→ What you need to do:
Exact copy, no pictures: return only the lines below from the line with "MILAN.COM红外热像仪采购项目竞争性磋商公告 作者:采购与招标办公室 编辑: 时间:2024-11-29" up to and including the line with "Лот: 97355. Эксклюзивно".

→ Input data:
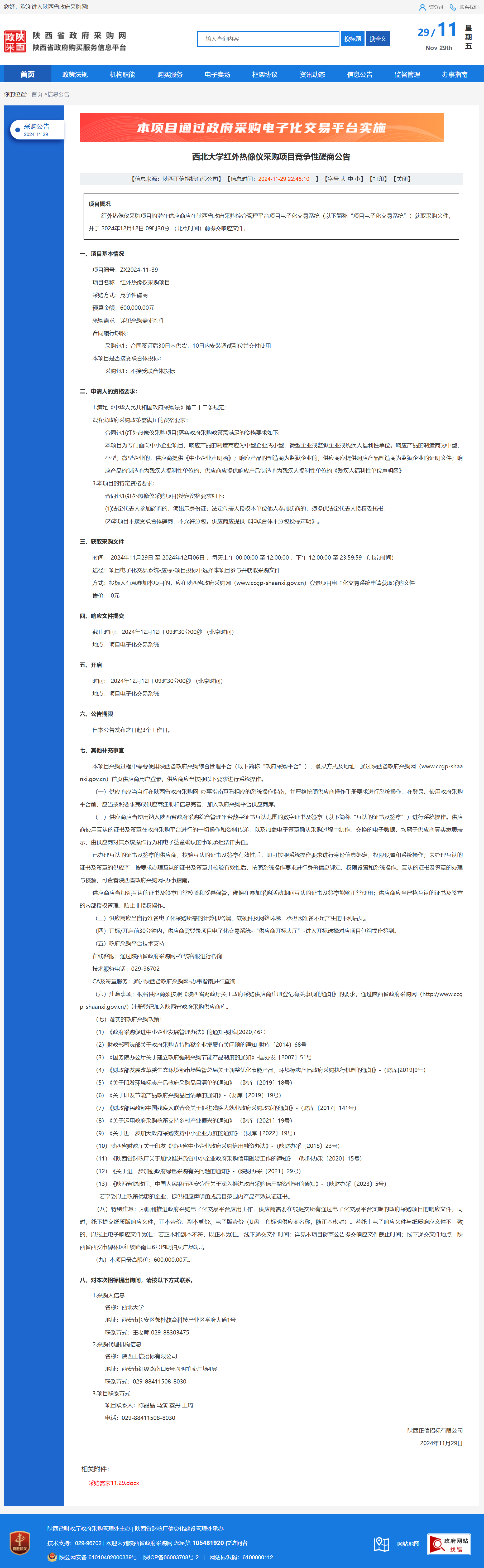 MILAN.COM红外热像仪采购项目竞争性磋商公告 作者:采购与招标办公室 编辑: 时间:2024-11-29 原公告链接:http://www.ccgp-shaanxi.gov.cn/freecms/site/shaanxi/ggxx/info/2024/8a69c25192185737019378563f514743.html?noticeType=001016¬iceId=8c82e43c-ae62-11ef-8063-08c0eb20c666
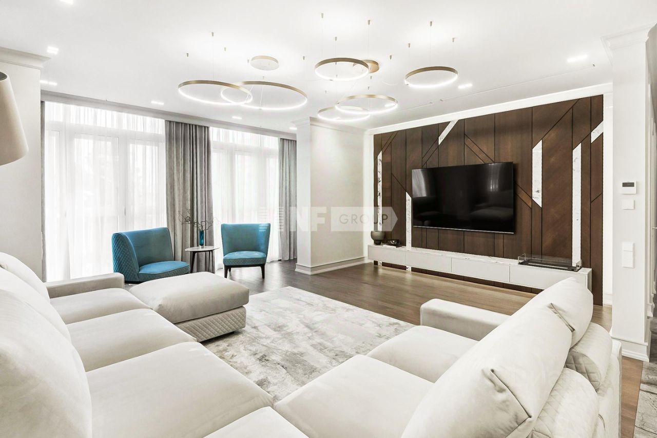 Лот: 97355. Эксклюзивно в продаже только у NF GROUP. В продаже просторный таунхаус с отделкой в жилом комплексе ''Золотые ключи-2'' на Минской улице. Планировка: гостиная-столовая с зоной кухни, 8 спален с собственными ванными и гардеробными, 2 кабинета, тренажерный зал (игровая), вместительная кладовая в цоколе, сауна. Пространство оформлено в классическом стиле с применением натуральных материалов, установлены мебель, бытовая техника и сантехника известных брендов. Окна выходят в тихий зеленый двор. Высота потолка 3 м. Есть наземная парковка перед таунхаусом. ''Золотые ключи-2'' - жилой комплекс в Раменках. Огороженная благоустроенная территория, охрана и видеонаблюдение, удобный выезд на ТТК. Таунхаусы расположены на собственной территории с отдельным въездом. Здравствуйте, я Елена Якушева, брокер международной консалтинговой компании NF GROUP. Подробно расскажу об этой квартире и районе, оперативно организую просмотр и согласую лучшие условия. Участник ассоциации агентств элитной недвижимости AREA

--

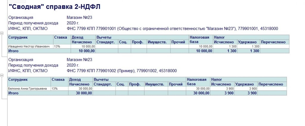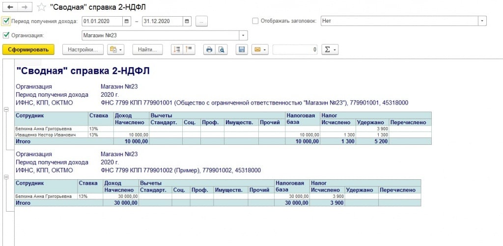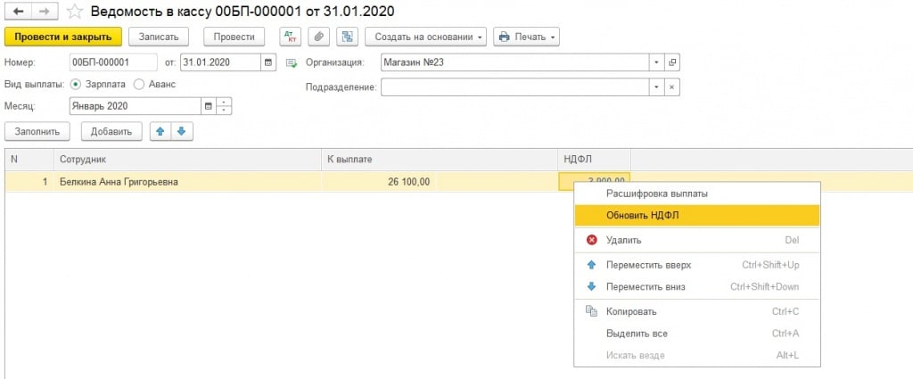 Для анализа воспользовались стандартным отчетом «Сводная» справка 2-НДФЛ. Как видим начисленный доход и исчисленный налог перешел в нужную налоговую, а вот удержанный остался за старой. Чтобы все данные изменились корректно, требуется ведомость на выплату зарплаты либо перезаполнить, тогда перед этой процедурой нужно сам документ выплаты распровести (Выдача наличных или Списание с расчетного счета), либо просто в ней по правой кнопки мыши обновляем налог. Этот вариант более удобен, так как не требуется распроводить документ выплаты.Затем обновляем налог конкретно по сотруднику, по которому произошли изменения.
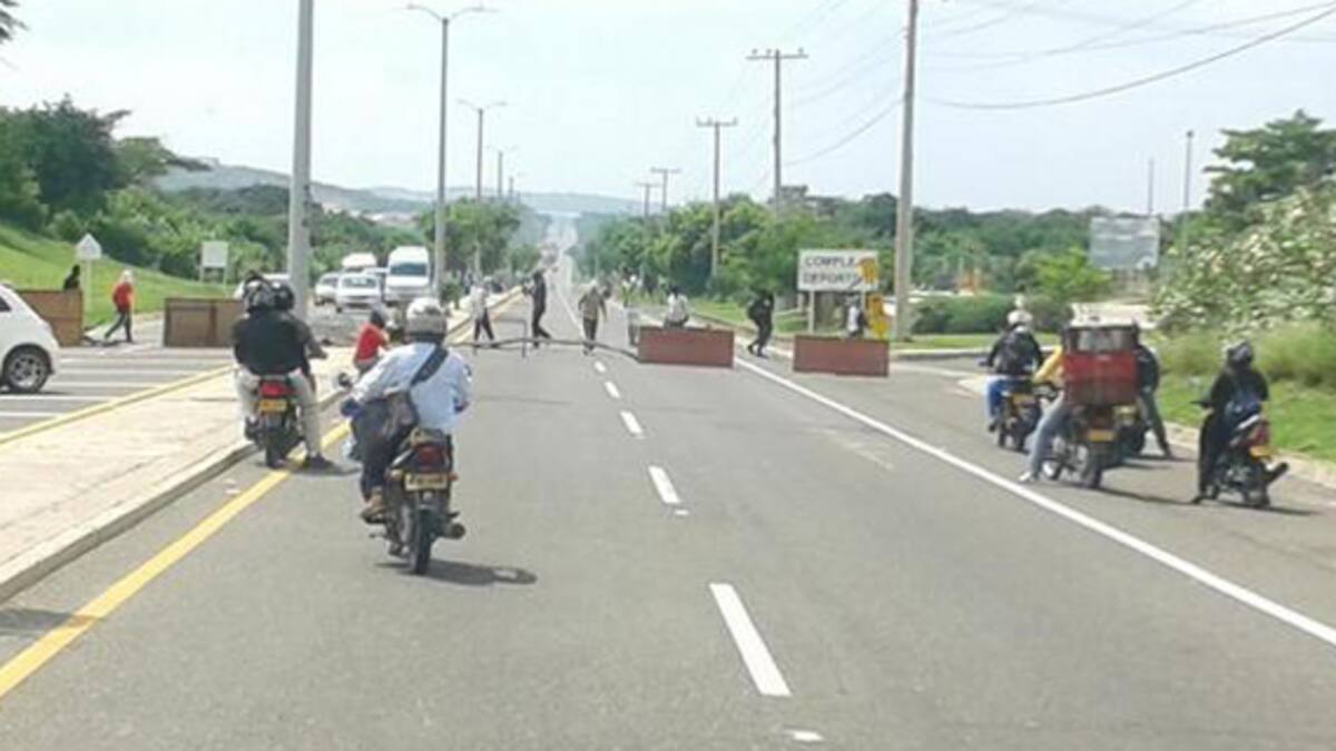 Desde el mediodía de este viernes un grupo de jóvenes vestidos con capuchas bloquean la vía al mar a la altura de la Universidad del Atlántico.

* * *

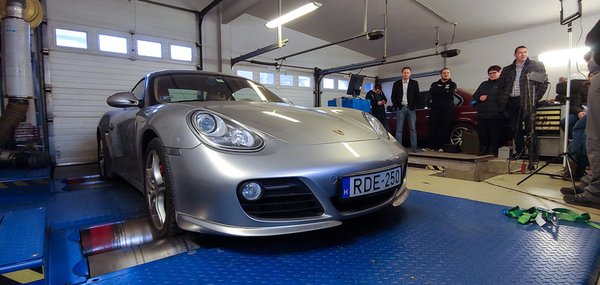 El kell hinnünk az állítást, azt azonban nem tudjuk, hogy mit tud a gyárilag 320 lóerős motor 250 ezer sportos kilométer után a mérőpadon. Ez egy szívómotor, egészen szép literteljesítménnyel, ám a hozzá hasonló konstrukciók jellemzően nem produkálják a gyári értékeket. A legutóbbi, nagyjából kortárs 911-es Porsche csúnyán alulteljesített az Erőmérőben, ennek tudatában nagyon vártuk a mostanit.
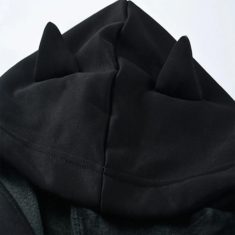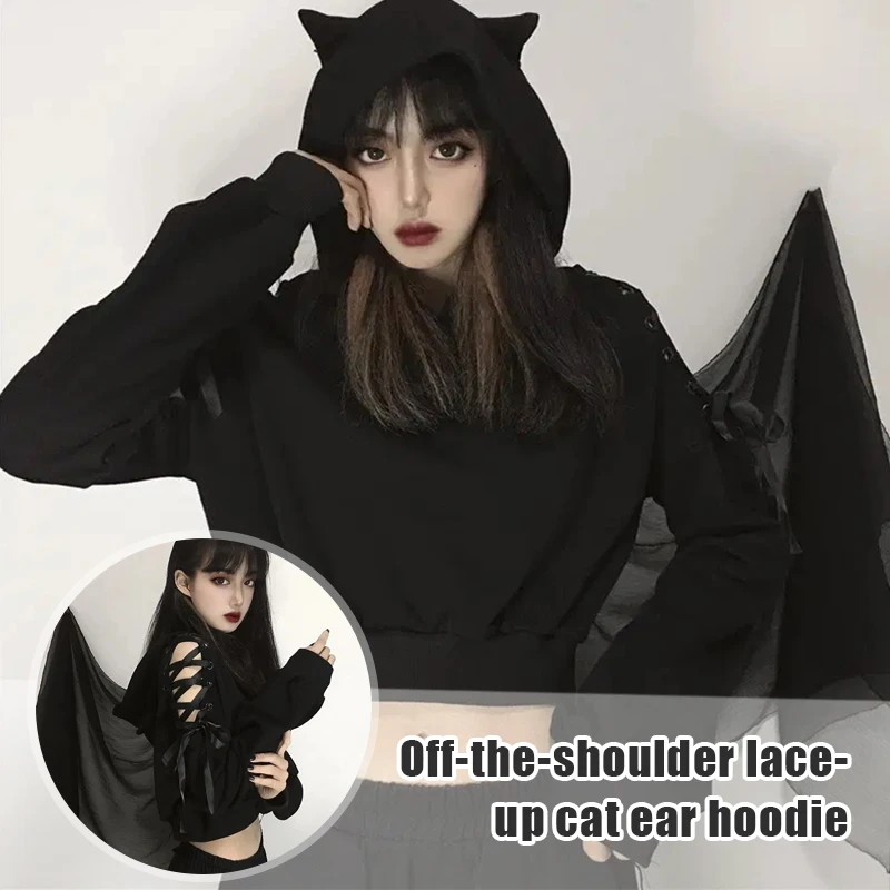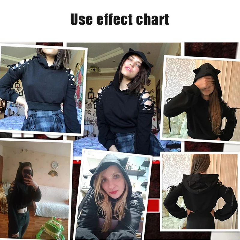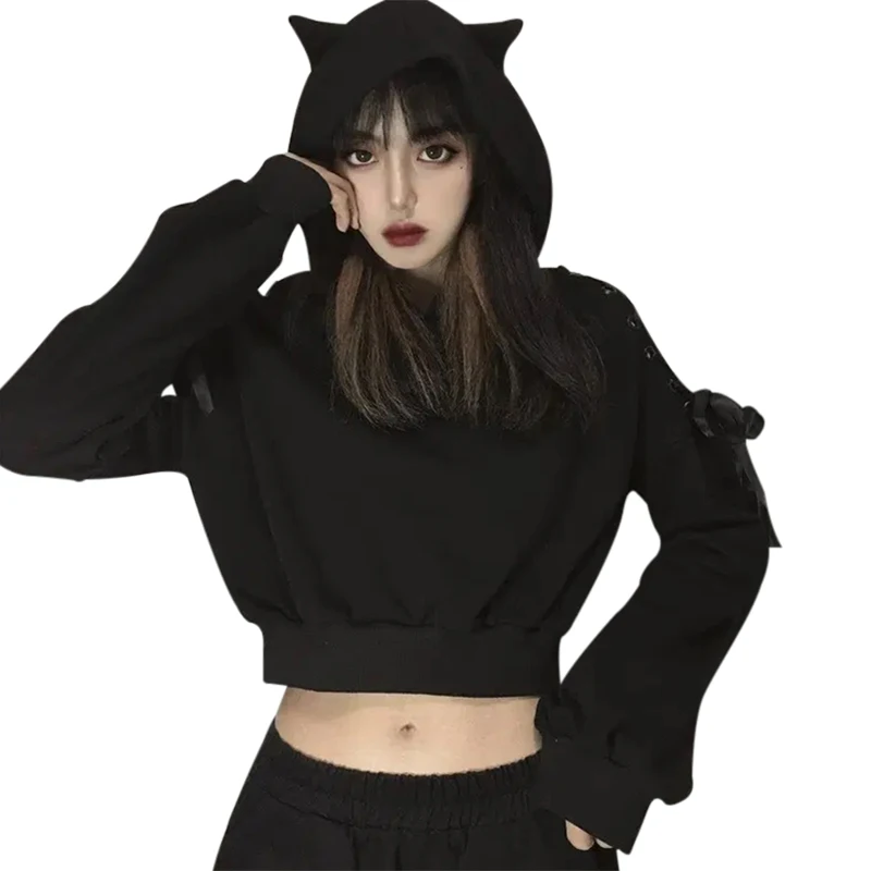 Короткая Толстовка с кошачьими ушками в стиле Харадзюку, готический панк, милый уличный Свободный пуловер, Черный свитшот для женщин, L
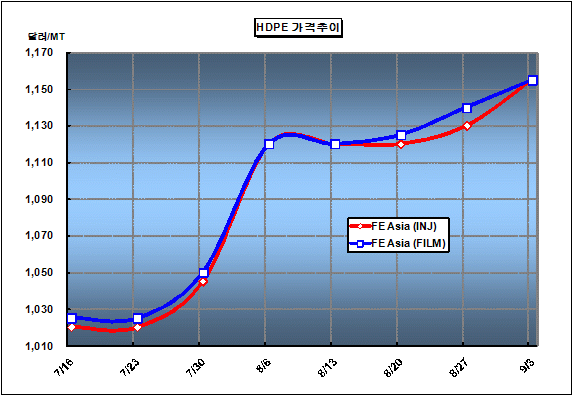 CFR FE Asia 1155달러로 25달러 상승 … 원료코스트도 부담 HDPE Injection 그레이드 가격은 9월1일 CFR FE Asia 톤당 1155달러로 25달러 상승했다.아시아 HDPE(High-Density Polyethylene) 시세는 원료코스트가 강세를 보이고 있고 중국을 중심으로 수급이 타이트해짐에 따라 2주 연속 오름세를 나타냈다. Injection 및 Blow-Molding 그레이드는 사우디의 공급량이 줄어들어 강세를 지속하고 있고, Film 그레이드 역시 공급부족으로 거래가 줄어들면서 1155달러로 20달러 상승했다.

→ Written response:
 MILAN.COM红外热像仪采购项目竞争性磋商公告 作者:采购与招标办公室 编辑: 时间:2024-11-29 原公告链接:http://www.ccgp-shaanxi.gov.cn/freecms/site/shaanxi/ggxx/info/2024/8a69c25192185737019378563f514743.html?noticeType=001016¬iceId=8c82e43c-ae62-11ef-8063-08c0eb20c666
 Лот: 97355. Эксклюзивно в продаже только у NF GROUP. В продаже просторный таунхаус с отделкой в жилом комплексе ''Золотые ключи-2'' на Минской улице. Планировка: гостиная-столовая с зоной кухни, 8 спален с собственными ванными и гардеробными, 2 кабинета, тренажерный зал (игровая), вместительная кладовая в цоколе, сауна. Пространство оформлено в классическом стиле с применением натуральных материалов, установлены мебель, бытовая техника и сантехника известных брендов. Окна выходят в тихий зеленый двор. Высота потолка 3 м. Есть наземная парковка перед таунхаусом. ''Золотые ключи-2'' - жилой комплекс в Раменках. Огороженная благоустроенная территория, охрана и видеонаблюдение, удобный выезд на ТТК. Таунхаусы расположены на собственной территории с отдельным въездом. Здравствуйте, я Елена Якушева, брокер международной консалтинговой компании NF GROUP. Подробно расскажу об этой квартире и районе, оперативно организую просмотр и согласую лучшие условия. Участник ассоциации агентств элитной недвижимости AREA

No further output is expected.